The input
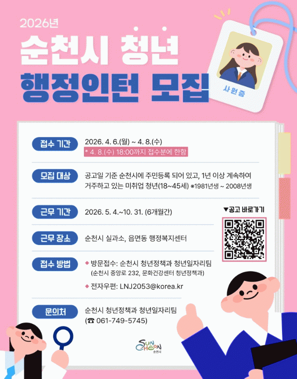 [ÅåÅå´º½º] ¼øÃµ½Ã´Â Áö¿ª û³âµéÀÇ Áø·Î ¼³°è¿¡ µµ¿òÀ» ÁÖ°í Ãë¾÷ °æÀï·ÂÀ» Ű¿ì´Â ½Ç¹« °æÇèÀ» Á¦°øÇϱâ À§ÇØ ¡®2026³â ¼øÃµ½Ã û³â ÇàÁ¤ÀÎÅÏ¡¯À» ¿î¿µÇÑ´Ù°í ¹àÇû´Ù.
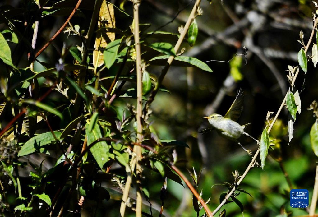 一只柳鶯在樹枝間飛行(4月24日攝)。新華社記者 張汝鋒 攝
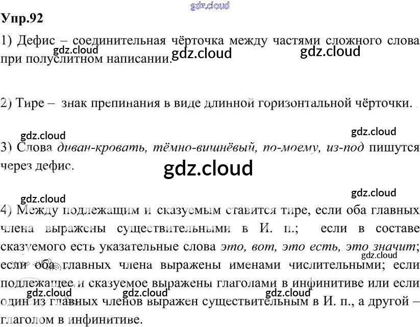 Ответ на задание 92 Учебник Русский язык за 8 (восьмой) класс Разумовская, Львова, Капинос, Львов Вертикаль 2013
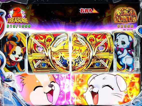秘宝石ギミックが完成すればRUSH継続となるシンプルかつアツくなれる演出が展開。ギミックの動きやチワワ&スコティッシュフォールドのアクションなどで信頼度が変わる。 |
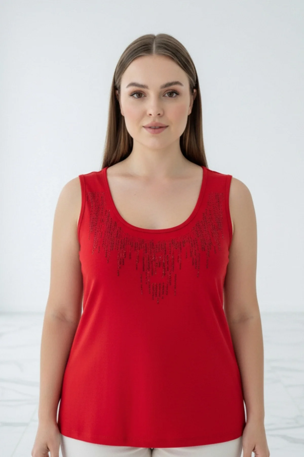 Kadın Kırmızı U Yaka Büyük Beden Yakası Taş İşlemeli Likralı Buluz
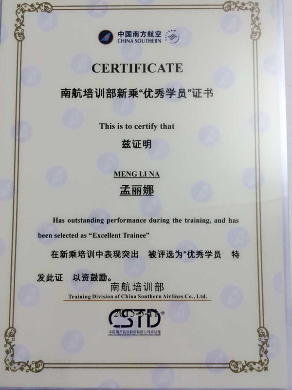 在英語學(xué)習(xí)上的努力只是她為理想所付出努力的一個縮影,她更多的是不斷給自己信心重新?lián)P帆起航,堅持再堅持,努力更努力。所以她用努力等來了果實,她成功面試南方航空公司,并于2015年3月順利參加培訓(xùn),培訓(xùn)中表現(xiàn)優(yōu)異,被評為"優(yōu)秀學(xué)員",現(xiàn)工作于南方航空公司北京分公司。中國南方航空股份有限公司(簡稱南航)是國內(nèi)運輸航班最多、航線網(wǎng)絡(luò)最密集、年客運量亞洲最大的航空公司南航與中國國際航空股份有限公司和中國東方航空股份有限公司合稱中國三大航空集團(tuán)。中國南方航空股份有限公司稟承“客戶至上”的承諾,通過提供“可靠、準(zhǔn)點、便捷”的優(yōu)質(zhì)服務(wù),致力滿足并超越客戶的期望。工作之后的她經(jīng)常與我聊起她的感悟:在服務(wù)方面我認(rèn)為乘務(wù)員為旅客提供服務(wù),實際上是一種人與人之間的溝通、交往的人際關(guān)系。做好服務(wù)工作的基礎(chǔ)在于了解旅客心理,關(guān)心旅客,熱愛旅客。做到眼勤、嘴勤、手勤、腿勤,盡量滿足旅客提出的要求,讓旅客真正有賓至如歸的感覺。
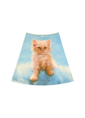 I'm not kitten around! This A-line skirt is designed to sit on the hip and hit perfectly at the knee. Cut in a soft midweight modal jersey with a full bleed digital print and detailed with a scalloped elastic waistband.
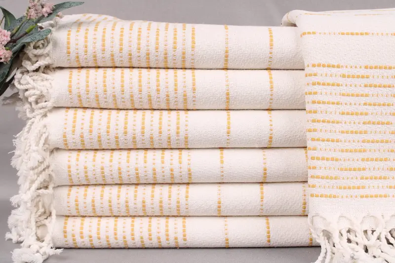 Measuring 38x71 inches or 95x180 centimeters and weighing 420 grams, these Turkish cotton towels provide a balance of size and weight. The hand-weaving process results in a tolerance of ±2 inches or 5 cm in dimensions.
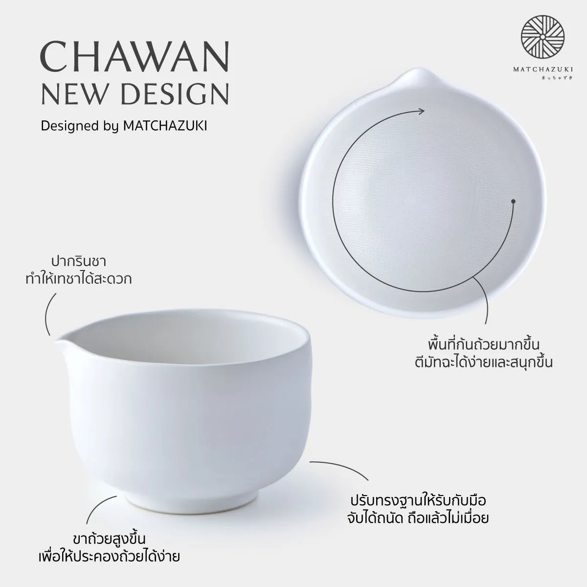 4. ถ้วยชงชา (Chawan) ใช้สำหรับการละลายผงชา มีจอกเพื่อให้เทชาได้ง่าย

Required work
Reproduce the records in full, exactly as they appear, and show none of the pictures.

Response area
 [ÅåÅå´º½º] ¼øÃµ½Ã´Â Áö¿ª û³âµéÀÇ Áø·Î ¼³°è¿¡ µµ¿òÀ» ÁÖ°í Ãë¾÷ °æÀï·ÂÀ» Ű¿ì´Â ½Ç¹« °æÇèÀ» Á¦°øÇϱâ À§ÇØ ¡®2026³â ¼øÃµ½Ã û³â ÇàÁ¤ÀÎÅÏ¡¯À» ¿î¿µÇÑ´Ù°í ¹àÇû´Ù.
 一只柳鶯在樹枝間飛行(4月24日攝)。新華社記者 張汝鋒 攝
 Ответ на задание 92 Учебник Русский язык за 8 (восьмой) класс Разумовская, Львова, Капинос, Львов Вертикаль 2013
秘宝石ギミックが完成すればRUSH継続となるシンプルかつアツくなれる演出が展開。ギミックの動きやチワワ&スコティッシュフォールドのアクションなどで信頼度が変わる。 |
 Kadın Kırmızı U Yaka Büyük Beden Yakası Taş İşlemeli Likralı Buluz
 在英語學(xué)習(xí)上的努力只是她為理想所付出努力的一個縮影,她更多的是不斷給自己信心重新?lián)P帆起航,堅持再堅持,努力更努力。所以她用努力等來了果實,她成功面試南方航空公司,并于2015年3月順利參加培訓(xùn),培訓(xùn)中表現(xiàn)優(yōu)異,被評為"優(yōu)秀學(xué)員",現(xiàn)工作于南方航空公司北京分公司。中國南方航空股份有限公司(簡稱南航)是國內(nèi)運輸航班最多、航線網(wǎng)絡(luò)最密集、年客運量亞洲最大的航空公司南航與中國國際航空股份有限公司和中國東方航空股份有限公司合稱中國三大航空集團(tuán)。中國南方航空股份有限公司稟承“客戶至上”的承諾,通過提供“可靠、準(zhǔn)點、便捷”的優(yōu)質(zhì)服務(wù),致力滿足并超越客戶的期望。工作之后的她經(jīng)常與我聊起她的感悟:在服務(wù)方面我認(rèn)為乘務(wù)員為旅客提供服務(wù),實際上是一種人與人之間的溝通、交往的人際關(guān)系。做好服務(wù)工作的基礎(chǔ)在于了解旅客心理,關(guān)心旅客,熱愛旅客。做到眼勤、嘴勤、手勤、腿勤,盡量滿足旅客提出的要求,讓旅客真正有賓至如歸的感覺。
 I'm not kitten around! This A-line skirt is designed to sit on the hip and hit perfectly at the knee. Cut in a soft midweight modal jersey with a full bleed digital print and detailed with a scalloped elastic waistband.
 Measuring 38x71 inches or 95x180 centimeters and weighing 420 grams, these Turkish cotton towels provide a balance of size and weight. The hand-weaving process results in a tolerance of ±2 inches or 5 cm in dimensions.
 4. ถ้วยชงชา (Chawan) ใช้สำหรับการละลายผงชา มีจอกเพื่อให้เทชาได้ง่าย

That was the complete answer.